I think technically as long as you use hand signals your good


----------



## mrbacklash (Nov 1, 2008)

GaG8tor said:


> I don’t get how manufacturers can sell boats without them. And they want to charge 450 and up for the electrical package which includes lights, battery tray and a bilge pump. Should be required of any boat sold with a motor.


Probably because you could rig it your self if you wanted to do it a certain way.


----------



## CPurvis (Apr 6, 2016)

GaG8tor said:


> I don’t get how manufacturers can sell boats without them. And they want to charge 450 and up for the electrical package which includes lights, battery tray and a bilge pump. Should be required of any boat sold with a motor.


Same reason they can sell boats without life jackets, fire extinguishers and whistles.


----------



## Smackdaddy53 (Dec 31, 2012)

topnative2 said:


> I think technically as long as you use hand signals your good


I was making a point and tail lights are blinkers (at least on the old junkers I drive).


----------



## MMc (Sep 27, 2018)

I use the clamp on battery powered lights on my skiff and they work fine for the limited time I am running at night. $25 is tough to beat if you don't use them much.


----------



## K3anderson (Jan 23, 2013)

You don't need them if you aren't going out in conditions that require them and your vessel is small enough.
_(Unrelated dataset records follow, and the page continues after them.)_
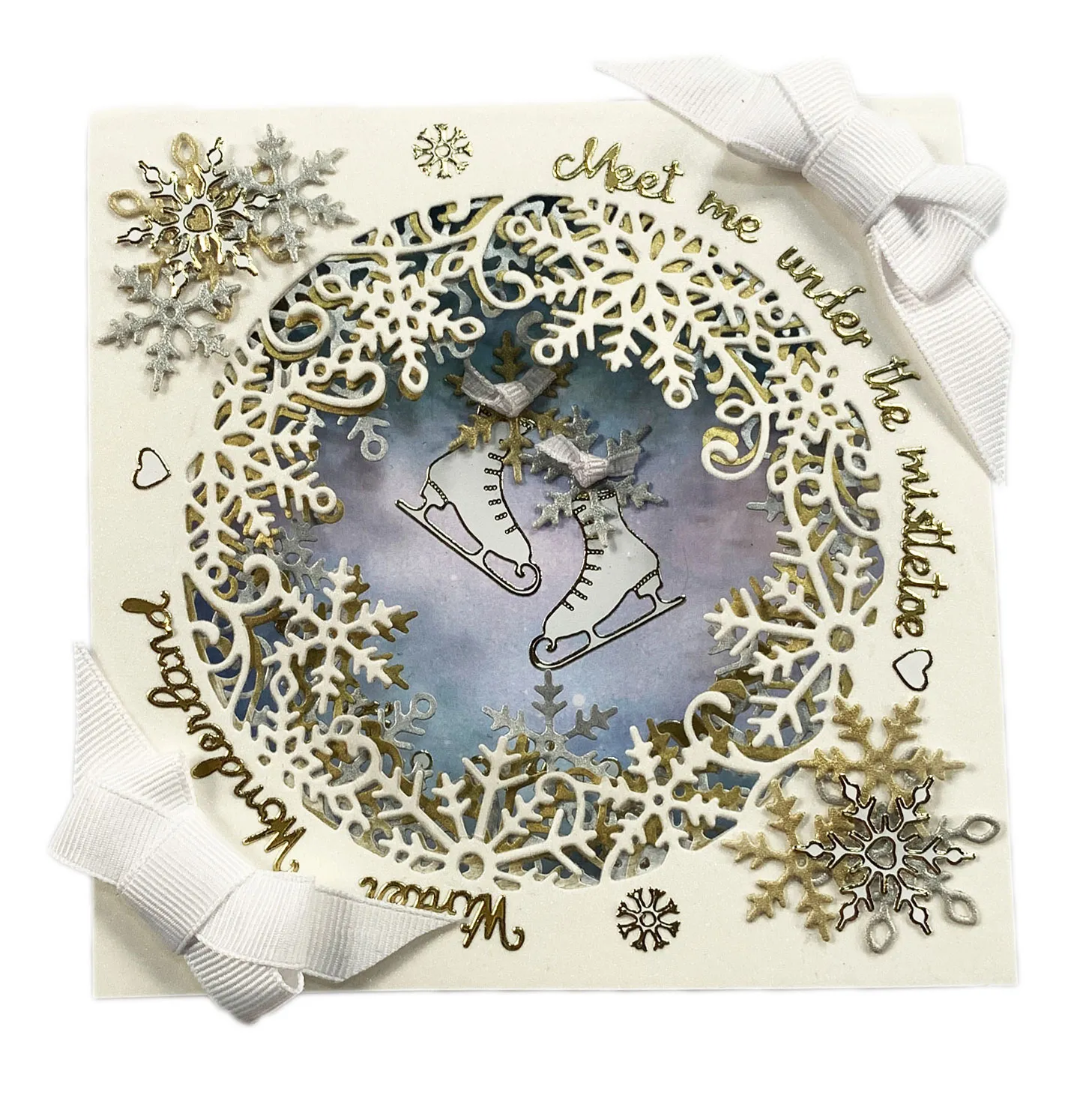 Cut 5”x10” cream Glittering Cardstock, score in the middle and fold into a 5” square card. Center the Frosted Flurry cutting die on the card front and run through the die cutting machine. Die cut two more Snowflakes circles from 5”x5” cream cardstock. Tap to cover one with Midas Gold and one with Midas Silver ink pads. Die cut each with the largest circle from 12 Circle & Scalloped Dies. Die cut the small snowflakes from the set and also ink in silver and gold. Glue the gold and silver circle Frosted Flurry die cuts off set behind the card front to create a denser image. Surround the die cut area with Dazzles™ and the die cut snowflakes as shown. Make two 1 1/2” wide white bows and Zot™ at opposite corners.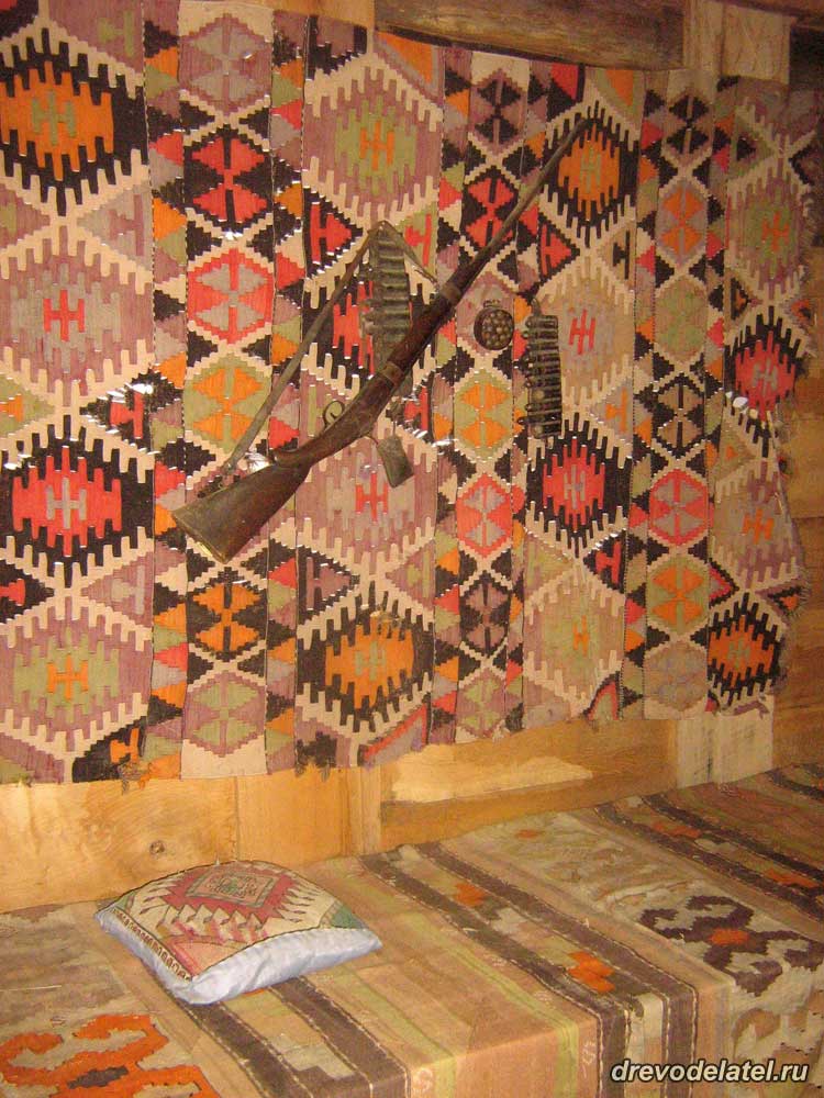 Слева от стола — оригинальная скамья: сиденье положено на вязанки из виноградных веток.
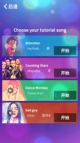 这是从简单到困难的初始曲目,会非常简单,教你如何玩这款游戏。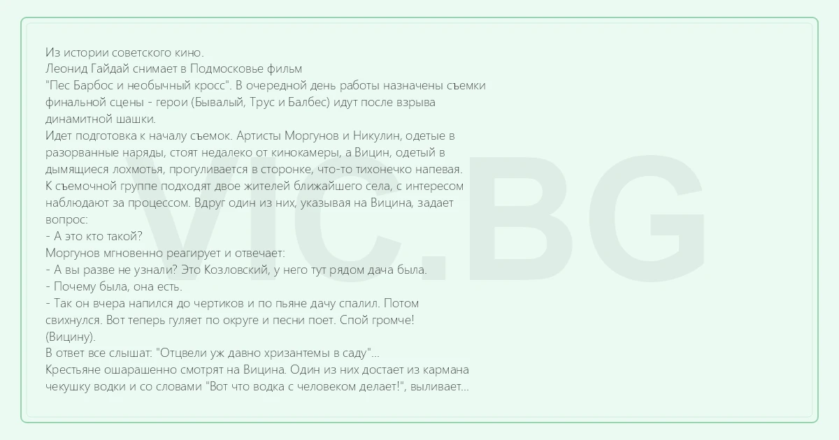 Из истории советского кино. Леонид Гайдай снимает в Подмосковье фильм "Пес Барбос и необычный кросс". В очередной день работы назначены съемки финальной сцены - герои (Бывалый, Трус и Балбес) идут после взрыва динамитной шашки. Идет подготовка к началу съемок. Артисты Моргунов и Никулин, одетые в разорванные наряды, стоят недалеко от кинокамеры, а Вицин, одетый в дымящиеся лохмотья, прогуливается в сторонке, что-то тихонечко напевая. К съемочной группе подходят двое жителей ближайшего села, с интересом наблюдают за процессом. Вдруг один из них, указывая на Вицина, задает вопрос: - А это кто такой? Моргунов мгновенно реагирует и отвечает: - А вы разве не узнали? Это Козловский, у него тут рядом дача была. - Почему была, она есть. - Так он вчера напился до чертиков и по пьяне дачу спалил. Потом свихнулся. Вот теперь гуляет по округе и песни поет. Спой громче! (Вицину). В ответ все слышат: "Отцвели уж давно хризантемы в саду"... Крестьяне ошарашенно смотрят на Вицина. Один из них достает из кармана чекушку водки и со словами "Вот что водка с человеком делает!", выливает водку на землю. Колхозники молча уходят.

If you think you will be out later etc, you can just carry battery operated lights and suction cup them on.


----------



## William Odling (Jan 8, 2020)

K3anderson said:


> You don't need them if you aren't going out in conditions that require them and your vessel is small enough. If you think you will be out later etc, you can just carry battery operated lights and suction cup them on.


True, You don’t need them in conditions that don’t warrant them being used, however they are still required on board. It’s in the CG rules and regs.


----------



## jmrodandgun (Sep 20, 2013)

William Odling said:


> True, You don’t need them in conditions that don’t warrant them being used, however they are still required on board. It’s in the CG rules and regs.


Nope.


----------



## William Odling (Jan 8, 2020)

jmrodandgun said:


> Nope.


Nope to what? Look at page 48 of the regs


----------



## K3anderson (Jan 23, 2013)

William Odling said:


> True, You don’t need them in conditions that don’t warrant them being used, however they are still required on board. It’s in the CG rules and regs.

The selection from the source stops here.